According to a Huffington Post report, Trudeau told UBC students that he hoped the Conservative government, "realizes from public pressure that it is going to have to make significant amendments to this bill. But we know that, tactically, this government would be perfectly happy if the opposition completely voted against this bill because it fits into their fear narrative and [their desire to] … bash people on security."

"I do not want this government making political hay out of an issue … or trying to, out of an issue as important as security for Canadians," Trudeau added. "This conversation might be different if we weren't months from an election campaign, but we are."

On Wednesday, the Liberal party joined the Conservatives to pass the bill by a margin of 183 to 96, with the NDP and Green Party opposing. 

"There could be some migration from the Liberals to the NDP with this," says Lorne Bozinoff, president of Forum Research. "The days are gone of party loyalty, that people can't move."

Despite that, political pundits warn against giving the C-51 anger or Alberta results too much weight in the upcoming federal election, expected in October.

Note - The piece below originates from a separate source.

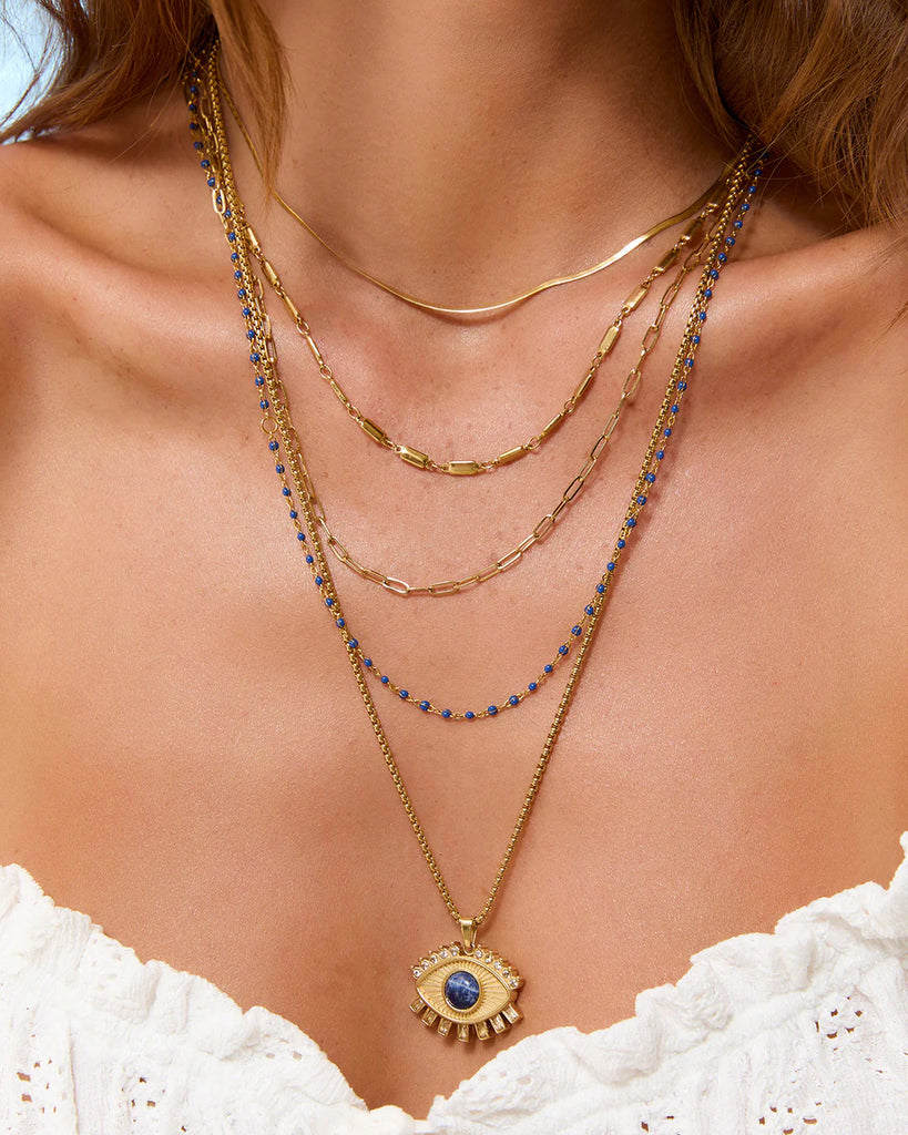 Statement, chill style comes naturally with the Zen Necklace, a pendant that brings calm and serenity to your everyday. This enchanting evil eye necklace features a lapis lazuli stone, a symbol of wisdom, protection, and strength, sure to guide you wherever you go. A beautiful choice for anyone who loves a bold yet effortless look.

Some say the opposition is coming mostly from individuals and groups that wouldn't vote Conservative anyway, and that the legislation doesn't matter to the general public.

'The Alberta effect'

"If we don't have any [events] between now and then that are traumatic, this bill won't feature in the election," says Nelson Wiseman, director of the Canadian studies program at the University of Toronto. "There's something to it today, tomorrow, the next day. Two, three months from now, the Alberta effect won't be there as much."

Alberta election 20150505

Alberta NDP Leader Rachel Notley heads to the stage to celebrate her majority victory in the provincial election on May 5, 2015. (Mike Ridewood/Canadian Press)

Jim Lightbody, chair of the department of political science at the University of Alberta, says the NDP's provincial win was a "home-grown populist revolt" that won't necessarily translate into change on a federal level. Albertans, he says, are sophisticated voters who are able to treat federal and provincial matters differently.

"If the vote were held today, we have 34 seats and 33 of them would go Conservative," he says.

If the provincial election holds any lessons for the federal parties in the rest of Canada, he adds, it's that they need to listen to what voters are saying, which outgoing Premier Jim Prentice failed to do. He thinks the Harper government, which resisted making substantial modifications to C-51 despite widespread requests to do so, could find itself in a similar situation.

"If a government doesn't listen and is widely perceived to be untrustworthy, they're going to have trouble," Lightbody says. Bill C-51 is "a trigger or an explanation for why we don't like Conservatives."

Clarifications

  • This story has been updated to provide more detail about what Justin Trudeau said when explaining to UBC students why he was supporting Bill C-51.